— Work instructions —
Using the listing below, copy exactly each line from the one that has "党纪党课ppt+讲稿:为推进党的伟大事业提供坚强纪律保证.docx" through the one that has "This game let's"; omit the pictures.

— Given entries —
****************************************

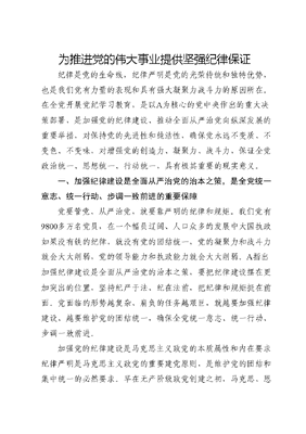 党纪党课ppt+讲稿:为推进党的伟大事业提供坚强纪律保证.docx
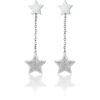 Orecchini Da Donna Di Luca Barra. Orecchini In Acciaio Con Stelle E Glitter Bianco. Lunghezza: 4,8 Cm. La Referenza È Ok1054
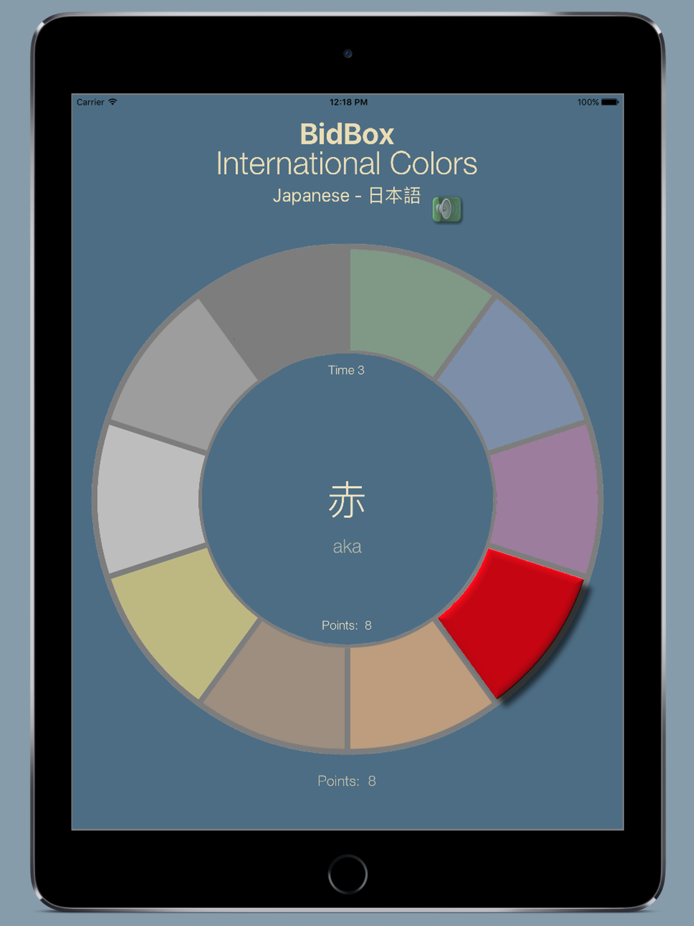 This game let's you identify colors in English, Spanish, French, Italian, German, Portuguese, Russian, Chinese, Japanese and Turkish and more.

****************************************

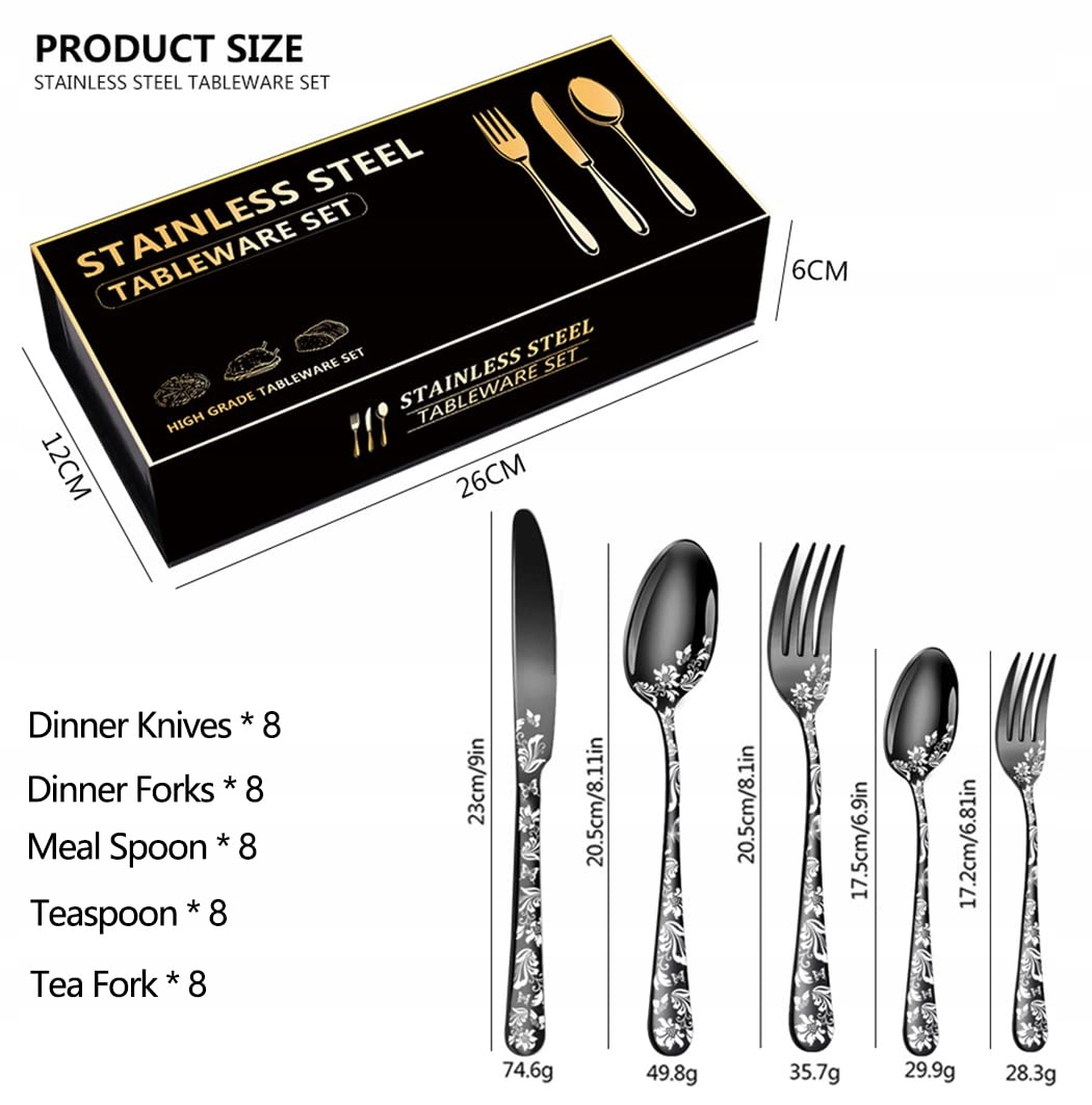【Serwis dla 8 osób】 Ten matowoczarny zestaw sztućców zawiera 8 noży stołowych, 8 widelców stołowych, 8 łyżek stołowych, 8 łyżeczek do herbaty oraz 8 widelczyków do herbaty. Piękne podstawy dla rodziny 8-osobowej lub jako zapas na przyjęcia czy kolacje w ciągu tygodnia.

****************************************

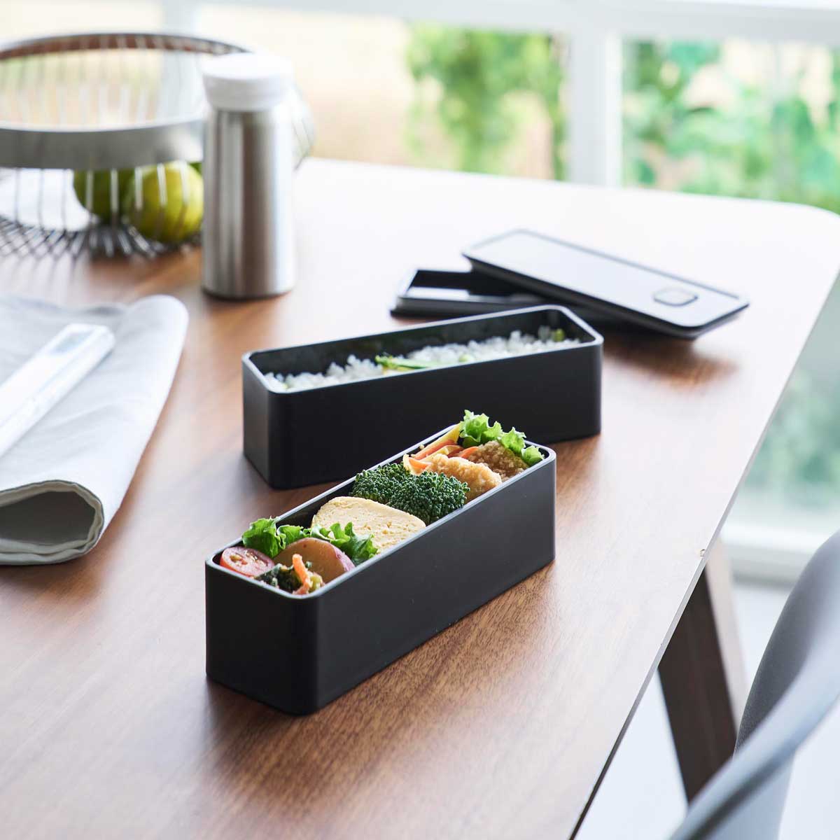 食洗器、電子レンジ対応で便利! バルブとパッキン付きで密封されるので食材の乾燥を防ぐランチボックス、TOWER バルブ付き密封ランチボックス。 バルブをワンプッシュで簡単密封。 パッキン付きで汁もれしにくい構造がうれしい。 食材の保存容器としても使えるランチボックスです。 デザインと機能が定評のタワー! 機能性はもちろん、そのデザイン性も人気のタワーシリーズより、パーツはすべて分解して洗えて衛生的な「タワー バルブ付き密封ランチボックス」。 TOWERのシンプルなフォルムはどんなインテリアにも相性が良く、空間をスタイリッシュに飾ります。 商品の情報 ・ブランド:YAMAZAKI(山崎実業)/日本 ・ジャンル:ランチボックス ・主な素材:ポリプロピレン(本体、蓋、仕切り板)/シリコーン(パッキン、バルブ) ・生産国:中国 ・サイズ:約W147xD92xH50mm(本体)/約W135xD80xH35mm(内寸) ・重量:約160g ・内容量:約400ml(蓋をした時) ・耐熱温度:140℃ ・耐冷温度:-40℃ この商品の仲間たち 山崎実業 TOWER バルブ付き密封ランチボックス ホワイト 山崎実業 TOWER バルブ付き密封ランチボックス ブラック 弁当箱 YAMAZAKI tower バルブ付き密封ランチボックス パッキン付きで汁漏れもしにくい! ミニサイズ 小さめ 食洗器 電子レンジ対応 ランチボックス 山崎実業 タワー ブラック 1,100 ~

****************************************

— Response box —
 党纪党课ppt+讲稿:为推进党的伟大事业提供坚强纪律保证.docx
 Orecchini Da Donna Di Luca Barra. Orecchini In Acciaio Con Stelle E Glitter Bianco. Lunghezza: 4,8 Cm. La Referenza È Ok1054
 This game let's you identify colors in English, Spanish, French, Italian, German, Portuguese, Russian, Chinese, Japanese and Turkish and more.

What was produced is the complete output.